■ Work to be completed
The reply should match the listing below character for character, except that no image is carried over.

■ Data segment
▬▬▬

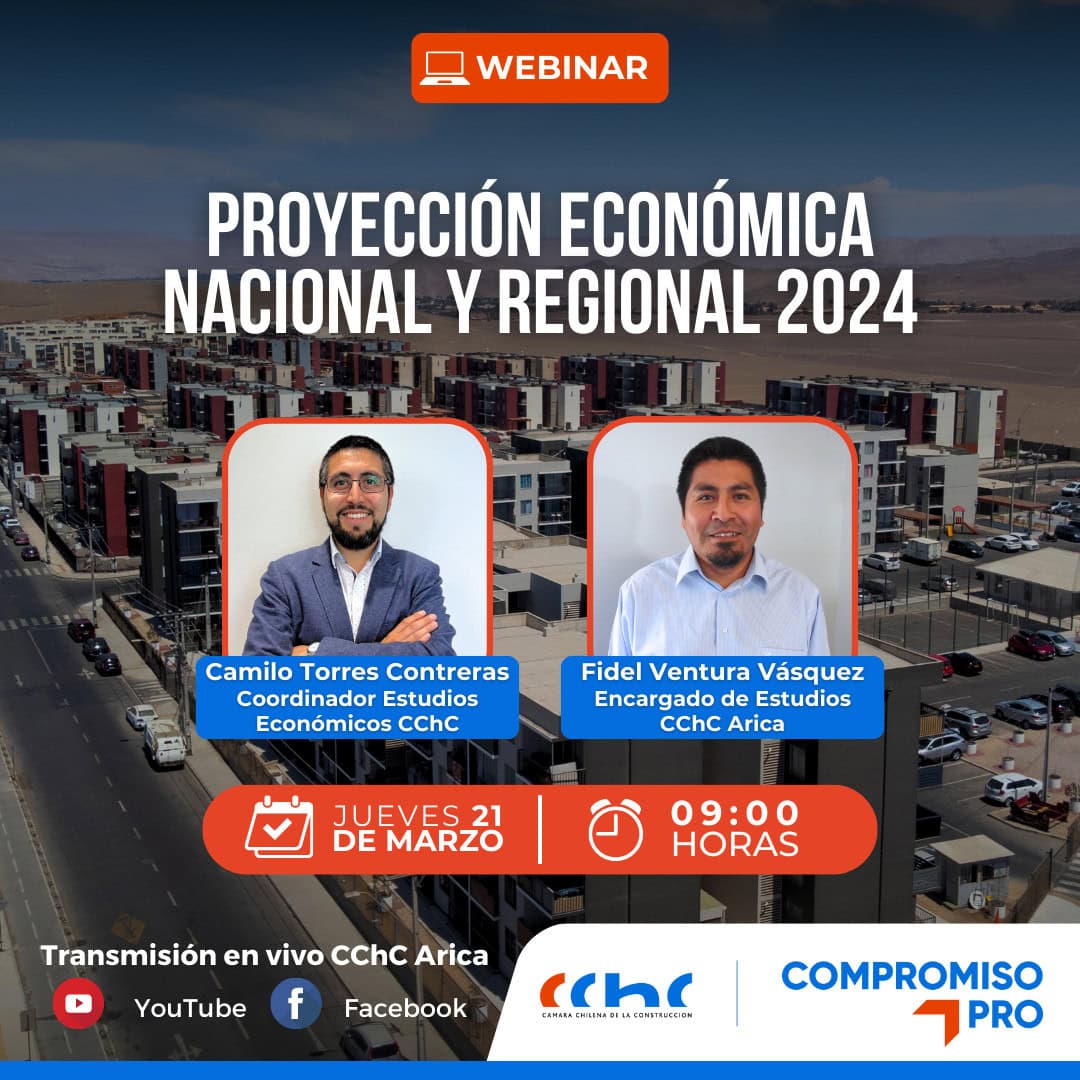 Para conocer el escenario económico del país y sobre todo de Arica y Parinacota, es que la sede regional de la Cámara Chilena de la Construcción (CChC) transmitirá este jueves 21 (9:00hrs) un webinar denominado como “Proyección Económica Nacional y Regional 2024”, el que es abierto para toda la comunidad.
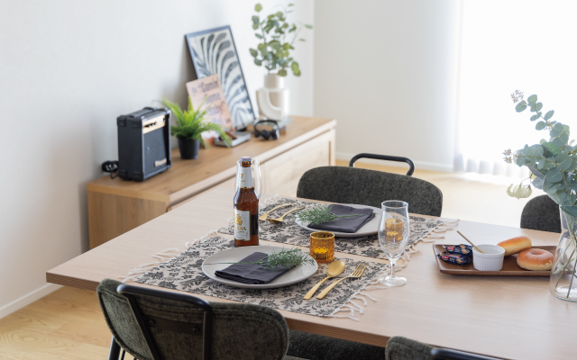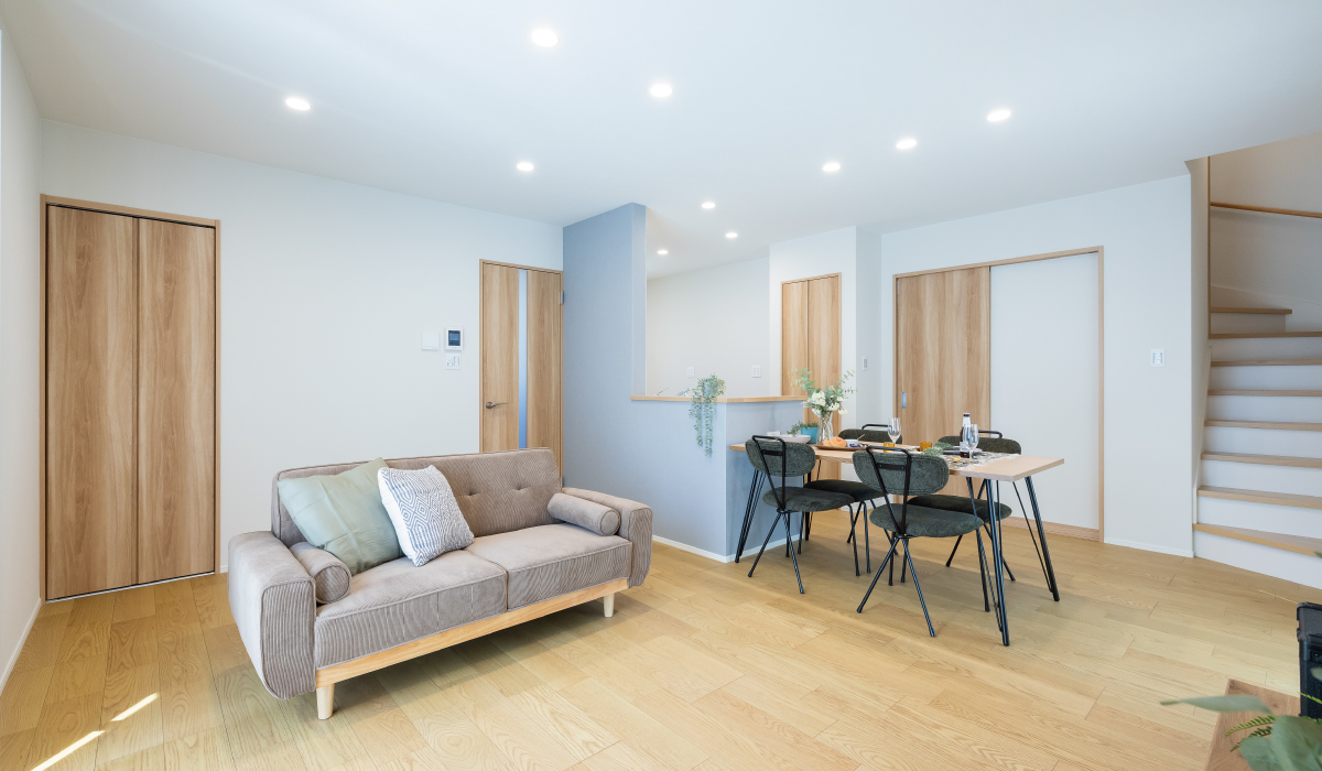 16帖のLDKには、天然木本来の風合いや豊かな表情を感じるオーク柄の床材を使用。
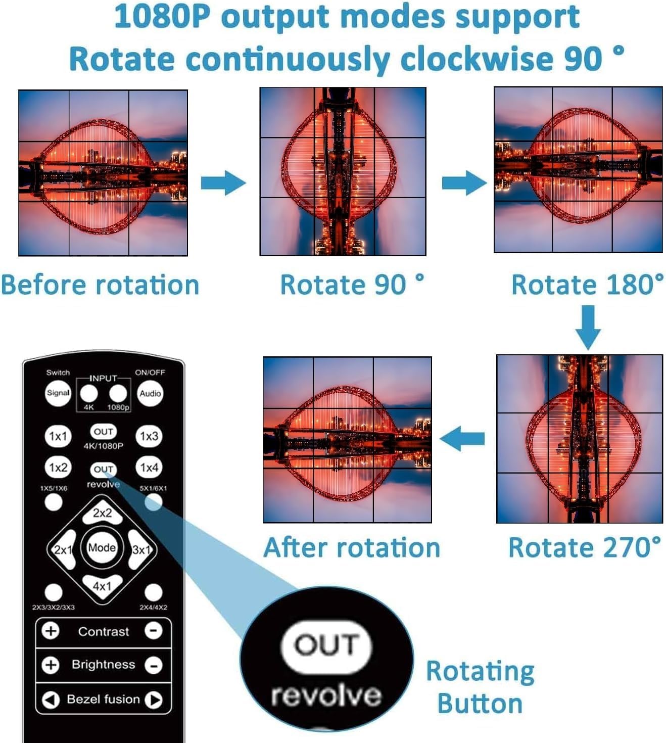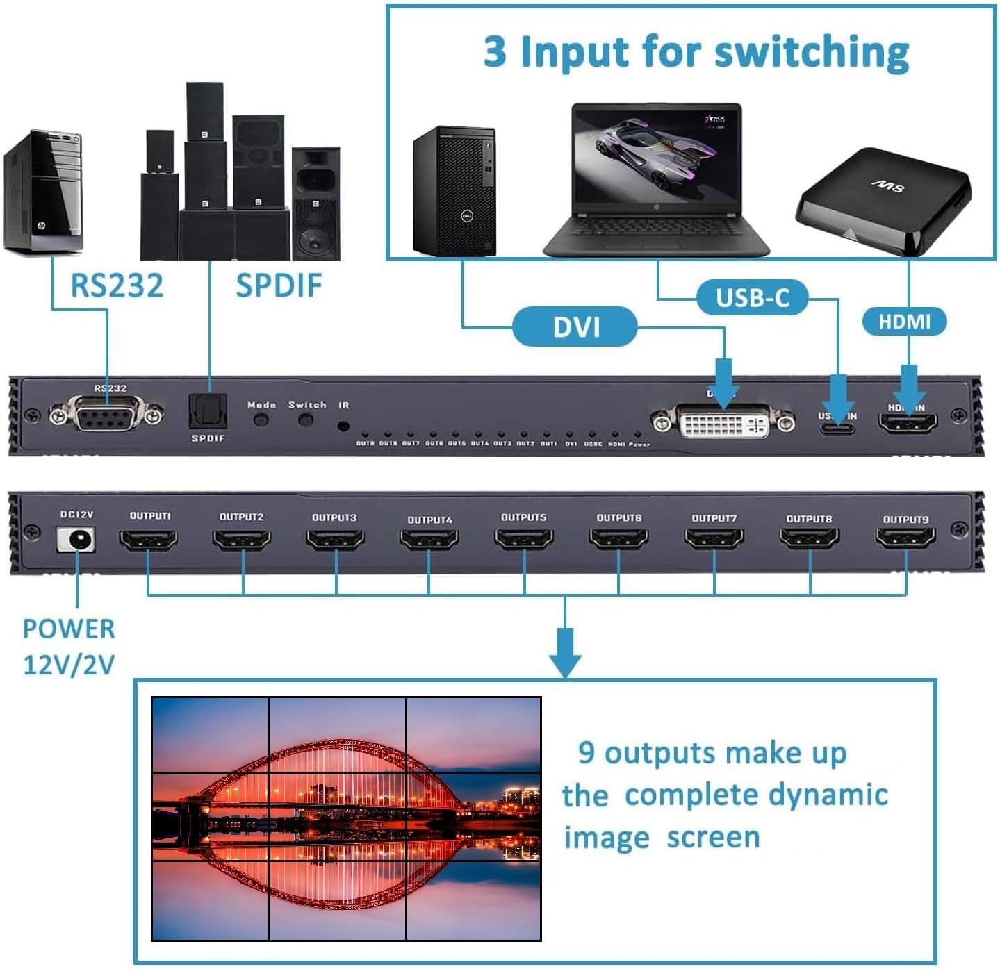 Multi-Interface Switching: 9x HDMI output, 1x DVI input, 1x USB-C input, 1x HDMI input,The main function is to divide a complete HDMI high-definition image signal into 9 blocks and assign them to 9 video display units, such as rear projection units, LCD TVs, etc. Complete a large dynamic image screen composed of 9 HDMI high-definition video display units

▬▬▬

■ Expected answer
 Para conocer el escenario económico del país y sobre todo de Arica y Parinacota, es que la sede regional de la Cámara Chilena de la Construcción (CChC) transmitirá este jueves 21 (9:00hrs) un webinar denominado como “Proyección Económica Nacional y Regional 2024”, el que es abierto para toda la comunidad.
 16帖のLDKには、天然木本来の風合いや豊かな表情を感じるオーク柄の床材を使用。
 Multi-Interface Switching: 9x HDMI output, 1x DVI input, 1x USB-C input, 1x HDMI input,The main function is to divide a complete HDMI high-definition image signal into 9 blocks and assign them to 9 video display units, such as rear projection units, LCD TVs, etc. Complete a large dynamic image screen composed of 9 HDMI high-definition video display units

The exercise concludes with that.